木村智也 (Tomoya Kimura)
"Subversion du sujet et dialectique du désir dans l'inconscient freudien" (Écrits, pp.815-821)

工藤庄平 (Shohei Kudo)
"Analyse et vérité ou la fermeture de l'inconscient" dans le Séminaire XI

もうひとり,何時に会場に来れるか今のところ確約できない方が,Position de l'inconscient について発表します.
Une autre personne qui ne peut pas promettre pour le moment quand elle arrivera à notre atelier, fera son exposé sur la Position de l'inconscient.

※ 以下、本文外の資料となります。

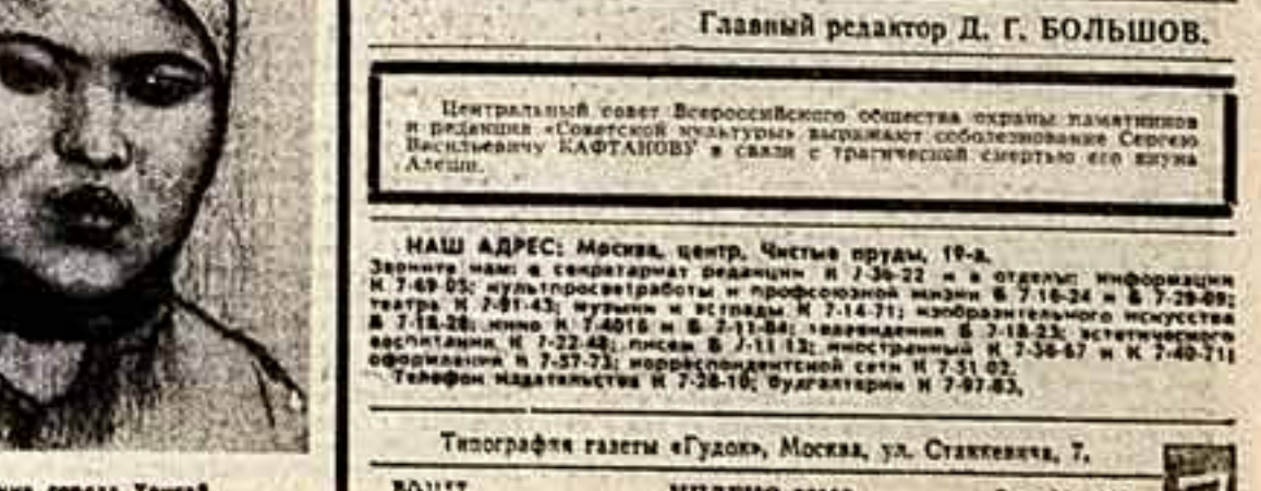
Облачение города Конга.
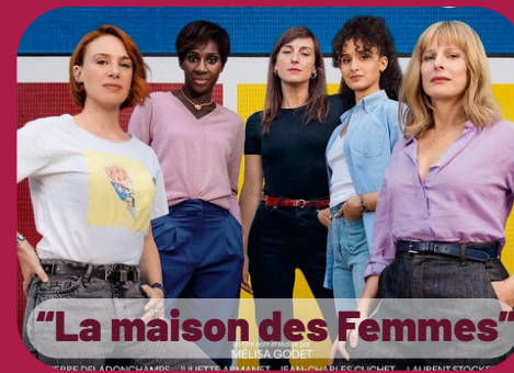
"La maison des Femmes"
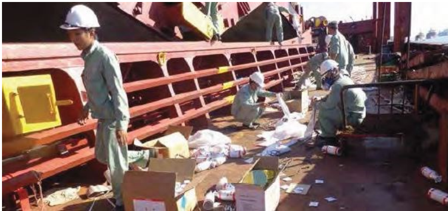
Slika 10. Pesticidi koji se koriste za fumigaciju raspršuju se u teretna skladišta.

Fumigacija se mora primjenjivati prilikom otkrivanju insekata, štetnika ili njihovih ostataka u teretu. Da bi fumigacija bila učinkovita, potrebno je dobro osigurati nepropusnost svih poklopaca skladišta, ventilacijskih otvora i pristupa. Navedene operacije fumigacije također moraju biti u skladu sa smjernicama Međunarodne pomorske organizacije (IMO) sadržanima u okružnicama MSC.1/Circ.1264 1 (Preporuke o sigurnoj upotrebi pesticida na brodovima koje se primjenjuju na fumigaciju skladišta tereta) i MSC.1/Circ.1358 2 (Revidirane preporuke o sigurnoj upotrebi pesticida na brodovima). U njima se navodi da posada ne smije rukovati fumigantima i zahtijeva se da fumigaciju provode kvalificirani operateri (slika 10.) [8].
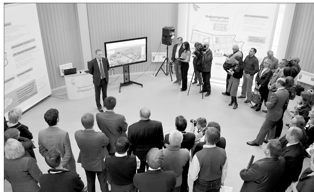
Презентация проекта ОЭЗ «Титановая долина».

ООО «Уральский оптический завод», один из первых резидентов, планирует наладить в «Титановой долине» производство оптического кабеля. На первом этапе он будет выпускаться из готового волокна. Наличие месторождений кварца на Урале даст возможность выйти на полный производственный цикл: начиная от добычи и переработки минерала, производства волокна и за-

Lacan のテクスト Lituraterre は,こちらから download することができます.

そのほか,発表において取り上げられるテクストと Freud の Die Verneinungの原文と英訳と邦訳は,こちらから download することができます.

また,Séminaire XI の13-14章を取り上げる発表者は,Freud のふたつのテクスト Entwurf einer PsychologieTriebe und Triebschicksaleを参照文献に指定しています.それらの原文,英訳,邦訳は,こちらから download することができます.同じ folder には,Séminaire XI の原版(ポケット版でない方)と,その英訳と邦訳,および Staferla 版も収められています.必要な方は御利用ください.